If you have kept a secret from a friend, a family member, or a romantic partner, you are probably right. Not all of them, but some of them.

With a certain degree of certainty, I can tell you that your loved ones secrets are about ambitions, beliefs, habits, deceptions, desires, discontents and violations of trust. More than 50,000 people have been asked about their secrets, and these are the themes that we often see. I can tell you that we are not alone in the things that we keep.

Data from all over the world shows that we tend to keep the same ones. People are asked about these categories. The world could be printed on a single sheet of paper with each person's line. 98% of people say that they have at least one from the list, and they have an average of 13 Drugs, addiction, sex, mental health, trauma, family, finances, and cheating are included in this list.

The hard part of having a secret is not that you have to hide it, but that you have to live with it

We don't get asked about our secrets very often. The fact that secrets are easy to hide doesn't mean they are easy to live with. People say that they hold back in conversations because of a thought about their secret.

To keep a secret is to stray away from the everyday act of social connection. You prevent yourself from fully engaging when this happens because you don't want to get help from them.

What happens when we try to keep a secret? It increases the likelihood of hiding the secret, but it also increases the likelihood of thinking about it outside of that. We asked our participants to download an app on their phone so that we could randomly ping them throughout the day. After identifying their most important secret, participants were asked if it had come to their attention or if they had to hide it. The participants said that they thought about their secret one to two times a day. The more participants thought about their secrets outside of conversations, the worse they were for their health.

The hardest part of having a secret is not hiding it, but living with it alone. It's not likely that you'll find the most productive way of thinking about it when you only have your own mind. Each time you think about it, you can go through the same motions, have the same negative thoughts, and find yourself getting nowhere. It can take a conversation with someone else to escape the loop.

The research shows that people are more positive about disclosures than we think. It is highly unlikely that you will be afraid of the worst. It might take a dash of courage to reveal something sensitive, but when you do it will be appreciated by your friend. The door is open to disclosure if you are in the middle of a social interaction that makes you feel comfortable and open.

You could shout your secret lone in a forest, but a disclosure with no recipient is barely a disclosure at all

Just like a tree that nobody hears falling, a disclosure with no recipients is hardly a disclosure at all. When people reveal secrets, they seek out the people who are most helpful. Talking about a negative experience can bring back negative feelings, and this is why shouting your secret into the ether is not enough.

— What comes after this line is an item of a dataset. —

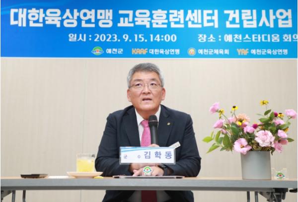 김학동 군수는 “교육훈련센터는 육상도시 예천의 위상을 더욱 높여주고, 아울러 지역의 랜드마크가 될 것이다.”며 “대한민국 육상 발전의 허브가 될 이번 교육훈련센터 건립이 성공적으로 마무리될 수 있도록 차질 없이 추진해주길 바란다.”고 당부했다.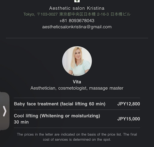 Read moreAesthetician was good and I liked the face massage she did. IPL was not painful at all and laser with quick too. She speaks English which was helpful to communicate. I think I didn’t pick up the right treatment as doing IPL only once wasn’t helpful. I waited couple of days to see if I find any difference in my texture or skin but no change. It would have been great if estheticians suggest alternatives for one time visiting customers to see the impact. Considering the amount you pay, I feel the duration of massage/ IPL is less for 50 min. But that was mentioned in advance in email, so I should have known it. For management, charging 10% extra on card payment is a huge amount and no where in Tokyo for other treatments at salons like hair spas, facials or nail treatments, they charge this hefty extra. Ekterina was nice to give me time to get the cash to avoid the extra charges but getting such amount cash at one time is not possible on International cards. Hope you can add more payment options like Suica or charge less and...

You can get emotional support and practical support from someone else. If you are willing to open up, they are likely to give you one of either type. They can express sympathy or empathise with you. There are other people who can give advice. It's easier to break the vicious cycle of negative thinking when we bring other people in. We forget there are other ways to think about things when we think about them in the worst way. This is a sign that it's time to talk to someone if you're stuck on a secret and confused.

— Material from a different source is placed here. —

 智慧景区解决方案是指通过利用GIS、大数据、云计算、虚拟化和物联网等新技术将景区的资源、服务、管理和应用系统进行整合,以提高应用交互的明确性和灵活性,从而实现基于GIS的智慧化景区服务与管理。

If you are keeping a secret from a friend, a family member, or a romantic partner, you probably have at least one more secret than you need. There is a chance that you have at least one too many secrets that you don't want the public to know. Others will open up to you if you are willing to do so.

The Secret Life of Secrets: How Our Inner Worlds Shapes Well- Being, Relationships, and Who We Are is available now. It can be purchased from guardianbookshop.com for £13.